*** Opening of Available data ***

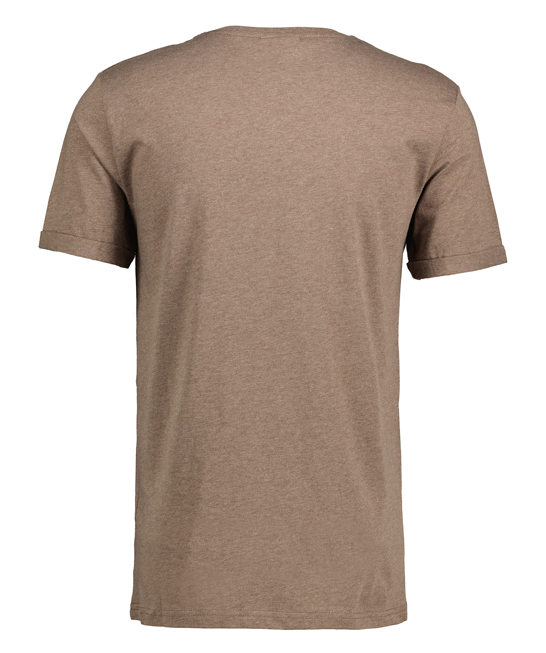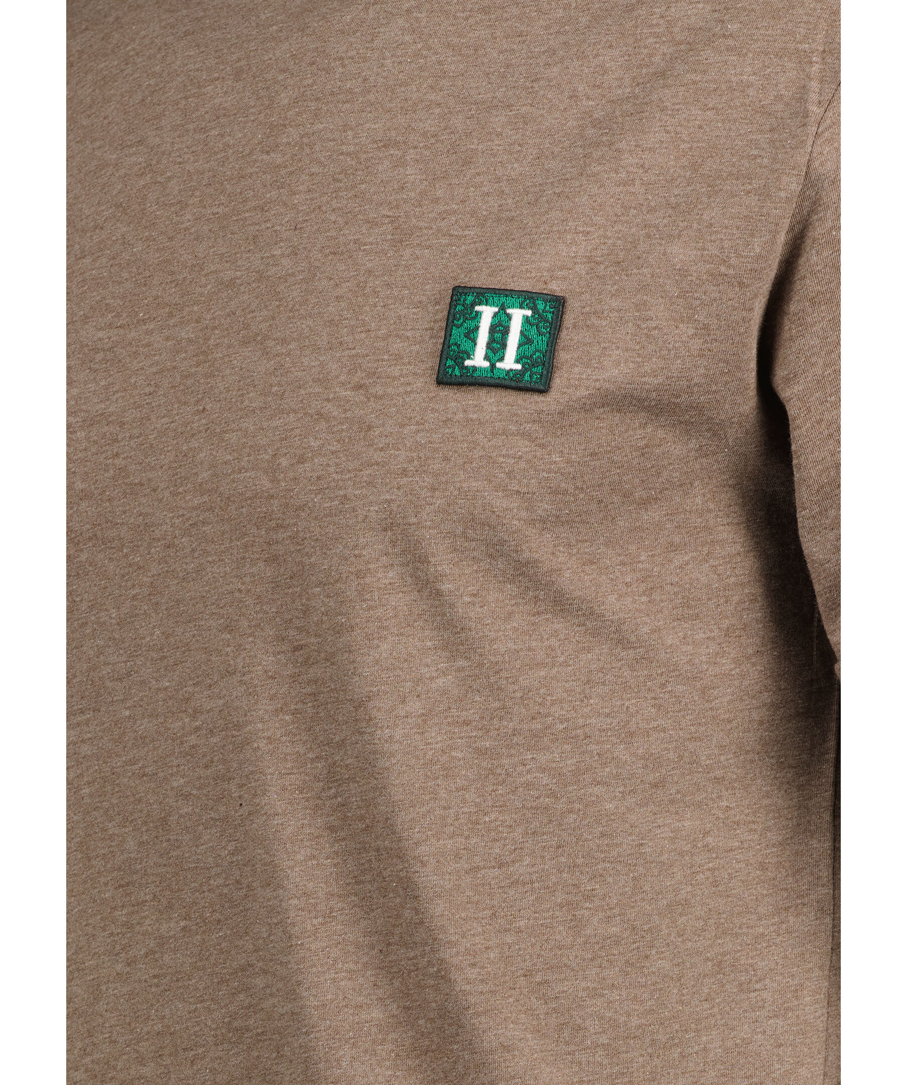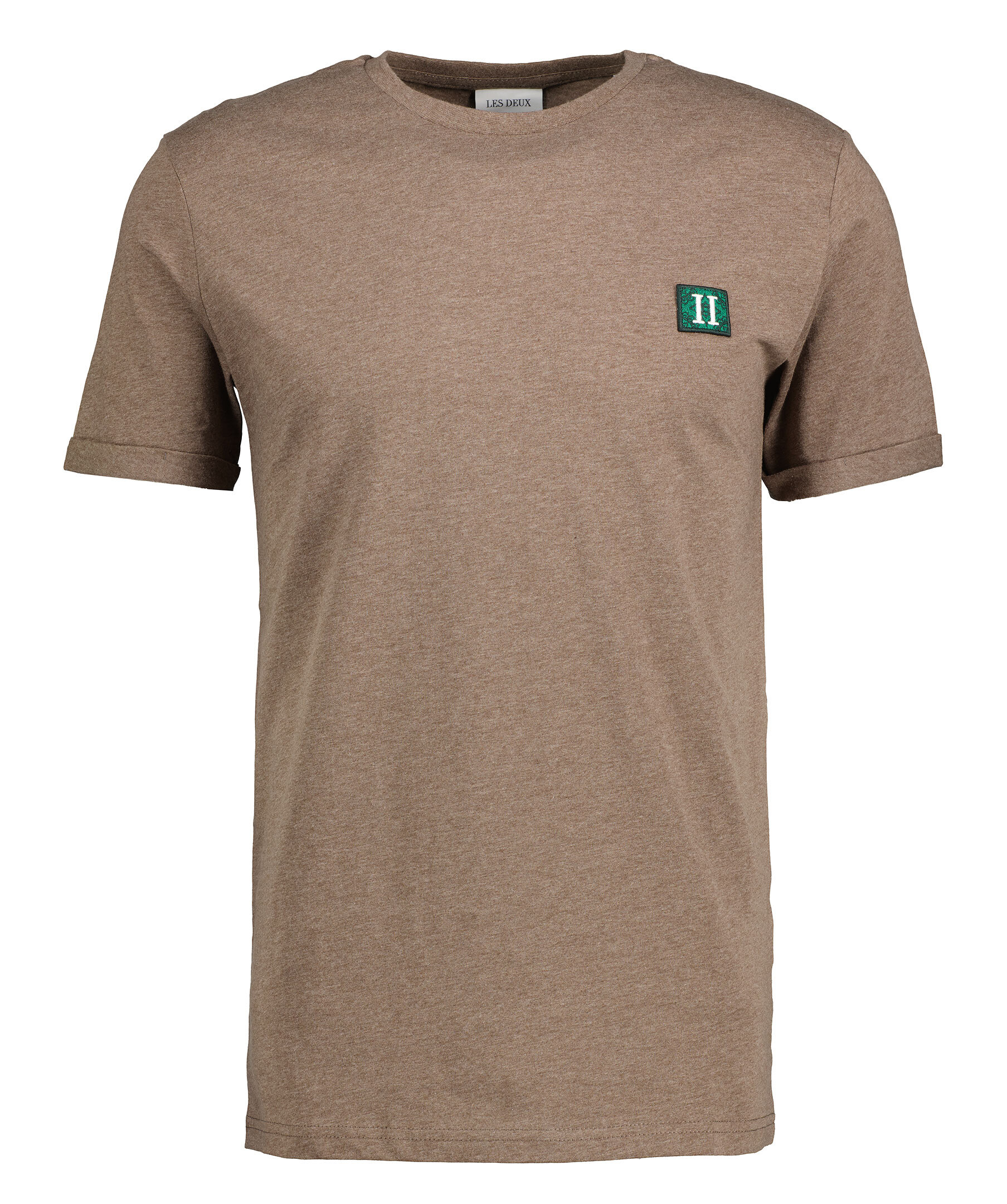 Brun, melerad t-shirt från Les Deux. T-shirten har rund, ribbstickad halsringning, uppvikt kant i ärmslut och liten patch-logotyp på bröstet. Tillverkad i bomull.
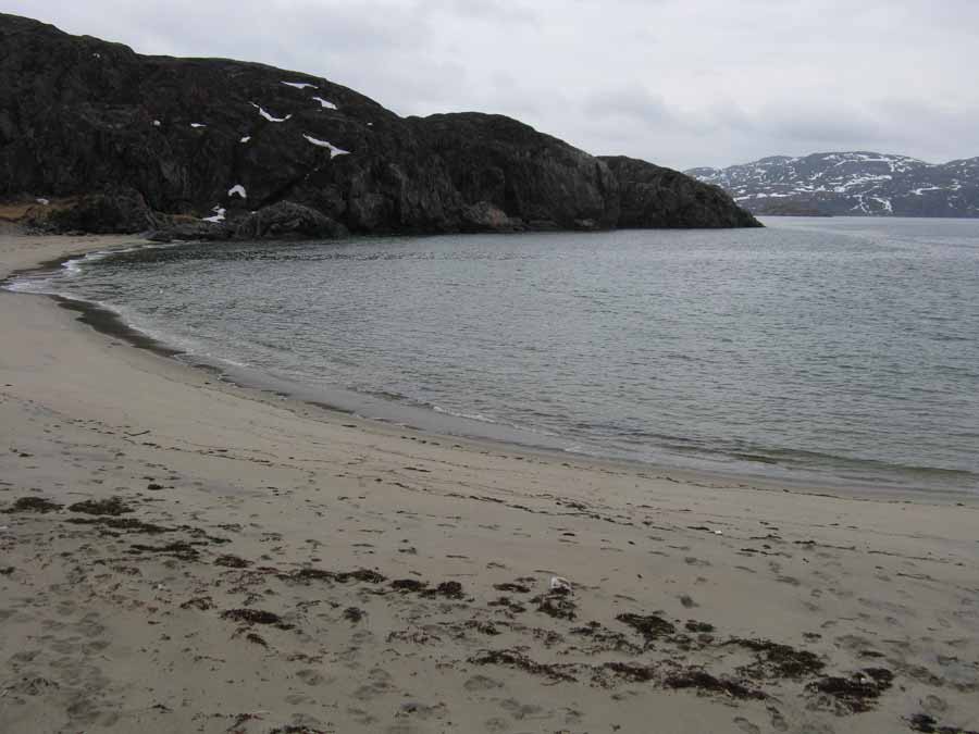 After supper I went for a walk along each of the beaches. At the far end of the bigger beach was the Jakobselv river and beyond that a Russian lookout post on a knoll. The smaller beach was perhaps the nicer of the two as it was more sheltered and was hemmed in by outcrops.
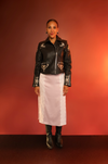 Falda rosa con caida en corte recto, que lleva blondas romanticas a los costados, dandole un toque femenino y elegante.
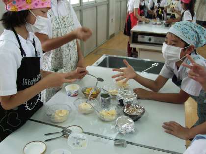 45分間で、身支度・準備・実習・試食・後片付けをしないといけないので、自然と協力して活動しています。

*** Close of Available data ***

Exercise: Transcribe exactly the lines from the one holding "Falda rosa con" through the final line of the material above, both ends included; any pictures should be dropped.

Task output:
 Falda rosa con caida en corte recto, que lleva blondas romanticas a los costados, dandole un toque femenino y elegante.
 45分間で、身支度・準備・実習・試食・後片付けをしないといけないので、自然と協力して活動しています。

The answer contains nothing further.